Material provided
- - - - -
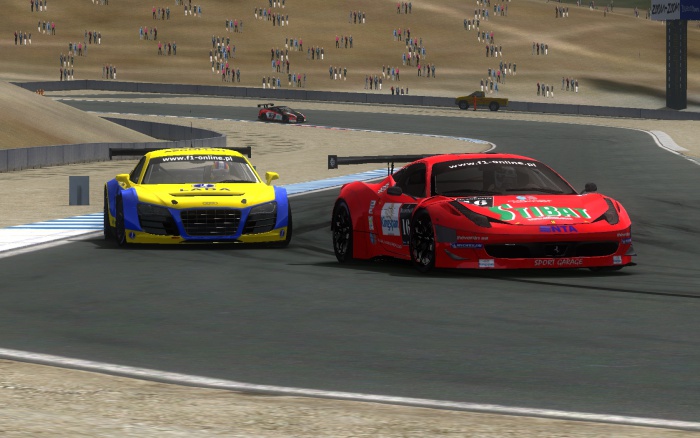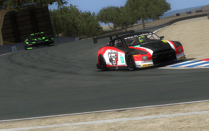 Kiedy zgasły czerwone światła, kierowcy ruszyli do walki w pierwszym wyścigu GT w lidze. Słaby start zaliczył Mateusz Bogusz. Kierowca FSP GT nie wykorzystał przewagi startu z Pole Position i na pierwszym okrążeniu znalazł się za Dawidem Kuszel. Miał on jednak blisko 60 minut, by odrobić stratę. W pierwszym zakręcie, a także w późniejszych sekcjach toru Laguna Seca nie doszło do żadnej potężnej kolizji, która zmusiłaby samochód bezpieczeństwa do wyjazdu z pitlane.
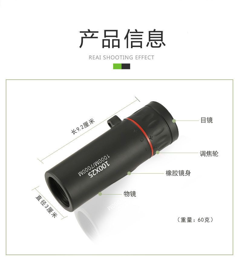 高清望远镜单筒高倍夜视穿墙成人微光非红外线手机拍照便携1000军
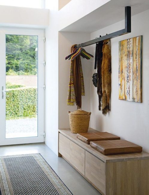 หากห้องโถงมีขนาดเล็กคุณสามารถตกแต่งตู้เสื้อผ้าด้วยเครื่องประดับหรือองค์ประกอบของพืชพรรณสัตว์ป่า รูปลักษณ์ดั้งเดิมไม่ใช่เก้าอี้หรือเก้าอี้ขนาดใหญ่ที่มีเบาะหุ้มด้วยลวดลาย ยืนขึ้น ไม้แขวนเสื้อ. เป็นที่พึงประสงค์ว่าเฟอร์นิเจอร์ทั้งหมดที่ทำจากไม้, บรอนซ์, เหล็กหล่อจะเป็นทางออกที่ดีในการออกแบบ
- - - - -
Your objective
Could you give the material above again, exactly and without its pictures?

Exercise output
 Kiedy zgasły czerwone światła, kierowcy ruszyli do walki w pierwszym wyścigu GT w lidze. Słaby start zaliczył Mateusz Bogusz. Kierowca FSP GT nie wykorzystał przewagi startu z Pole Position i na pierwszym okrążeniu znalazł się za Dawidem Kuszel. Miał on jednak blisko 60 minut, by odrobić stratę. W pierwszym zakręcie, a także w późniejszych sekcjach toru Laguna Seca nie doszło do żadnej potężnej kolizji, która zmusiłaby samochód bezpieczeństwa do wyjazdu z pitlane.
 高清望远镜单筒高倍夜视穿墙成人微光非红外线手机拍照便携1000军
 หากห้องโถงมีขนาดเล็กคุณสามารถตกแต่งตู้เสื้อผ้าด้วยเครื่องประดับหรือองค์ประกอบของพืชพรรณสัตว์ป่า รูปลักษณ์ดั้งเดิมไม่ใช่เก้าอี้หรือเก้าอี้ขนาดใหญ่ที่มีเบาะหุ้มด้วยลวดลาย ยืนขึ้น ไม้แขวนเสื้อ. เป็นที่พึงประสงค์ว่าเฟอร์นิเจอร์ทั้งหมดที่ทำจากไม้, บรอนซ์, เหล็กหล่อจะเป็นทางออกที่ดีในการออกแบบ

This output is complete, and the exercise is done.